A prospective cross-sectional study was conducted from May to August 2014 at selected public antenatal care (ANC) centers in Addis Ababa, Ethiopia. Clinical and socio-demographical data were collected using structured questionnaire after obtaining written informed consent. A total of 281 lower vaginal swabs were collected and inoculated into 1 ml Todd Hewitt Broth supplemented with gentamicin and nalidixic acid to prevent the growth of contaminants. After overnight incubation, all broths were subcultured on 5% sheep blood agar for isolation of GBS. Antimicrobial susceptibility testing was performed according to the criteria of the Clinical and Laboratory Standard Institute (CLSI) guidelines 2013 by disk diffusion method. Data were entered and analysed using SPSS version 20.0 software. Chi-square test and binary logistic regression analysis were used. P-value < 0.05 was considered statistically significant.

Results

The overall prevalence of GBS colonization among pregnant women was 14.6% (41/281). Group B Streptococcus colonization was significantly associated with health institutions (P < 0.05). All GBS isolates were susceptible to chloramphenicol. Resistance to tetracycline, cefotaxime, clindamycin, penicillin, vancomycin, ampicillin and erythromycin was 90.2%, 34.1, 26.8%, 19.5, 17%, 14.6 and 7.5% respectively. Multidrug resistance (MDR) (≥ 2 drugs) was detected in 43.9% (18/41) of the isolates.

Conclusion

There was a high frequency of GBS colonization (14.6%) and resistance to the commonly used antibiotics which suggests the importance of the screening of GBS colonization in pregnant women at 35–37 weeks of gestation and testing their antimicrobial susceptibilities in order to provide antibiotic prophylaxis and minimize newborn infection and co-morbidity.

Keywords

Antimicrobial susceptibility testingGroup B streptococciPrevalenceRisk factors

Background

Group B Streptococcus emerged as the leading cause of neonatal morbidity and mortality in the United States in the 1970s [13], with a frequency of 2–3 cases per 1000 live vertical transmission births [4] and case-fatality ratios as high as 50% [3]. Group B Streptococcus is one of the most important causes of neonatal sepsis, meningitis, and pneumonia [57]. Group B Streptococcus neonatal infection could be early-onset GBS disease (EOGBSD), which occurs within the first week of life, and late-onset GBS disease (LOGBSD), which occurs between one week to 3 months of age [4, 5].

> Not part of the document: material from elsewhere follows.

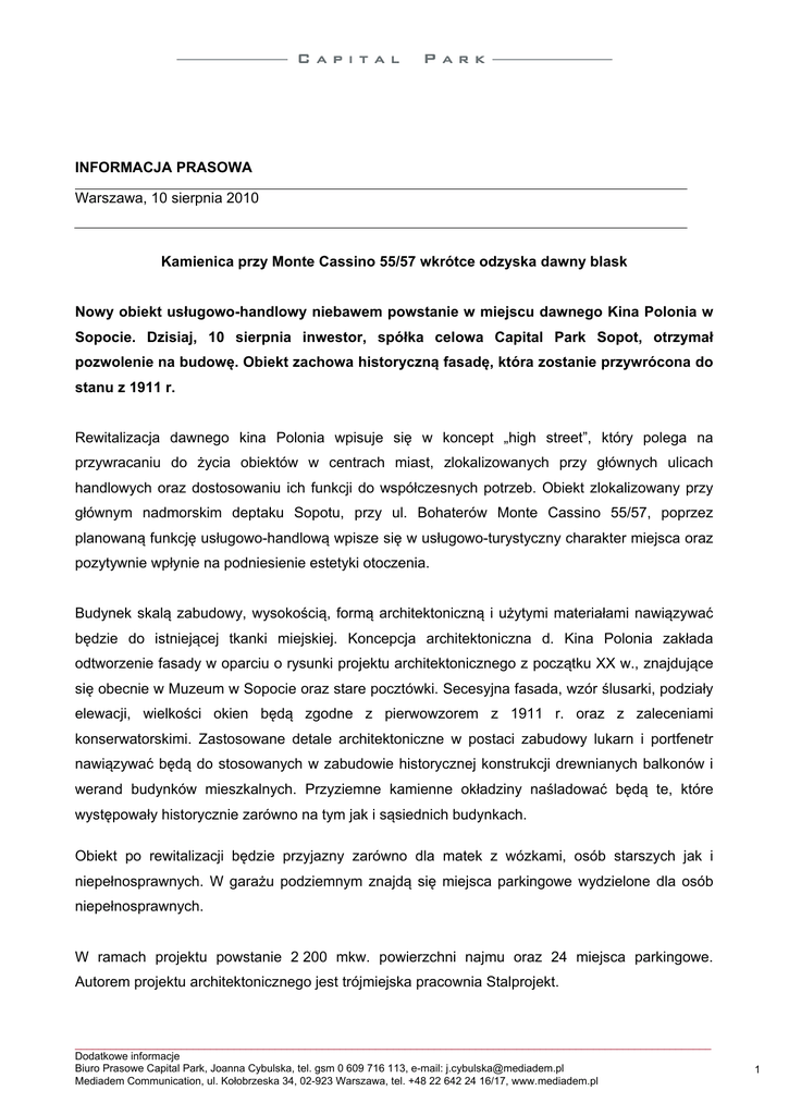 INFORMACJA PRASOWA Warszawa, 10 sierpnia 2010 Kamienica przy Monte Cassino 55/57 wkrótce odzyska dawny blask Nowy obiekt usługowo-handlowy niebawem powstanie w miejscu dawnego Kina Polonia w Sopocie. Dzisiaj, 10 sierpnia inwestor, spółka celowa Capital Park Sopot, otrzymał pozwolenie na budowę. Obiekt zachowa historyczną fasadę, która zostanie przywrócona do stanu z 1911 r. Rewitalizacja dawnego kina Polonia wpisuje się w koncept „high street”, który polega na przywracaniu do życia obiektów w centrach miast, zlokalizowanych przy głównych ulicach handlowych oraz dostosowaniu ich funkcji do współczesnych potrzeb. Obiekt zlokalizowany przy głównym nadmorskim deptaku Sopotu, przy ul. Bohaterów Monte Cassino 55/57, poprzez planowaną funkcję usługowo-handlową wpisze się w usługowo-turystyczny charakter miejsca oraz pozytywnie wpłynie na podniesienie estetyki otoczenia. Budynek skalą zabudowy, wysokością, formą architektoniczną i użytymi materiałami nawiązywać będzie do istniejącej tkanki miejskiej. Koncepcja architektoniczna d. Kina Polonia zakłada odtworzenie fasady w oparciu o rysunki projektu architektonicznego z początku XX w., znajdujące się obecnie w Muzeum w Sopocie oraz stare pocztówki. Secesyjna fasada, wzór ślusarki, podziały elewacji, wielkości okien będą zgodne z pierwowzorem z 1911 r. oraz z zaleceniami konserwatorskimi. Zastosowane detale architektoniczne w postaci zabudowy lukarn i portfenetr nawiązywać będą do stosowanych w zabudowie historycznej konstrukcji drewnianych balkonów i werand budynków mieszkalnych. Przyziemne kamienne okładziny naśladować będą te, które występowały historycznie zarówno na tym jak i sąsiednich budynkach. Obiekt po rewitalizacji będzie przyjazny zarówno dla matek z wózkami, osób starszych jak i niepełnosprawnych. W garażu podziemnym znajdą się miejsca parkingowe wydzielone dla osób niepełnosprawnych. W ramach projektu powstanie 2 200 mkw. powierzchni najmu oraz 24 miejsca parkingowe. Autorem projektu architektonicznego jest trójmiejska pracownia Stalprojekt. ____________________________________________________________________________________________________________ Dodatkowe informacje Biuro Prasowe Capital Park, Joanna Cybulska, tel. gsm 0 609 716 113, e-mail: [email protected] Mediadem Communication, ul. Kołobrzeska 34, 02-923 Warszawa, tel. +48 22 642 24 16/17, www.mediadem.pl 1 Dodatkowe informacje: O inwestorze Grupa Capital Park aktywnie działa na polskim rynku nieruchomości od 2003 roku. Od 2004 inwestuje wspólnie z międzynarodowym funduszem private equity Patron Capital Partners dysponującym kapitałem w kwocie ponad 1,7 mld EUR. W ramach funduszy CP Realty I i CP Realty II Grupa Capital Park i Patron Capital Partners powiększyły portfolio o nieruchomości w centrach miast północnej Polski, zakup budynków biurowych Eurocentrum i terenów inwestycyjnych w Wilanowie i inne. Wzrost rynku, którego impulsem stało się wejście Polski do Unii Europejskiej, przekładał się na decyzje biznesowe Grupy i definiowanie celów działania. Dziś na portfel inwestycyjny Grupy Capital Park składa się na ponad 353 000 mkw. powierzchni biurowej, handlowej, mieszkaniowej w budynkach istniejących i przeznaczonych do realizacji. W trakcie swojej dotychczasowej działalności Grupa Capital Park przeprowadziła proces inwestycyjny i skutecznie sprzedała 22 nieruchomości komercyjne i mieszkaniowe. Grupa od początku zarządzana jest przez doświadczonych inwestorów rynkowych. Posiadają oni ponad piętnastoletnie doświadczenie w inwestycjach na lokalnym i międzynarodowym rynku nieruchomości, ciesząc się szacunkiem i zaufaniem partnerów biznesowych. ____________________________________________________________________________________________________________ Dodatkowe informacje Biuro Prasowe Capital Park, Joanna Cybulska, tel. gsm 0 609 716 113, e-mail: [email protected] Mediadem Communication, ul. Kołobrzeska 34, 02-923 Warszawa, tel. +48 22 642 24 16/17, www.mediadem.pl 2

During pregnancy, approximately 10–30% of women are colonized with GBS in vagina [8, 9] and 60% of their infants acquire this organism through birth canal [6]. Maternal colonization with GBS in the genitourinary or gastrointestinal tract and transmission to the infant during the labor and delivery process is the principal risk factor for early-onset invasive GBS disease [2, 3, 9].

The widespread use of intrapartum antibiotic prophylaxis to prevent early-onset GBS disease has raised concern about the development of antibiotic resistance among GBS isolates [3]. In the absence of a licensed GBS vaccine [3], universal screening of mothers for vaginal or rectal GBS colonization at 35 to 37 weeks of gestation and selective intrapartum antibiotic prophylaxis (IAP) for all screen-positive women is the strategy currently recommended to reduce incidence of colonization in neonates and prevent early-onset GBS-related diseases [3, 9, 10].

Group B Streptococcus is now recognized to be an important cause of maternal and neonatal morbidity and mortality in many parts of the world [6, 7]; however, it has been little studied in Ethiopia [11, 12]. Therefore, this study was conducted to determine the prevalence of GBS colonization, antimicrobial susceptibility pattern and assess risk factors related to GBS among pregnant women attending in selected public ANC centers at Addis Ababa, Ethiopia.

Methods

Study design and setting

A prospective cross-sectional study was conducted among pregnant women attending ANC clinics of ALERT Center, Alem Bank, and Woreda 03 health centers, Addis Ababa, Ethiopia from May to August 2014. ALERT Center is one of the specialized tertiary referral hospitals in the country. While the two health centers are mainly engaged in routine antenatal care and delivery service in addition to other health routine care deliveries.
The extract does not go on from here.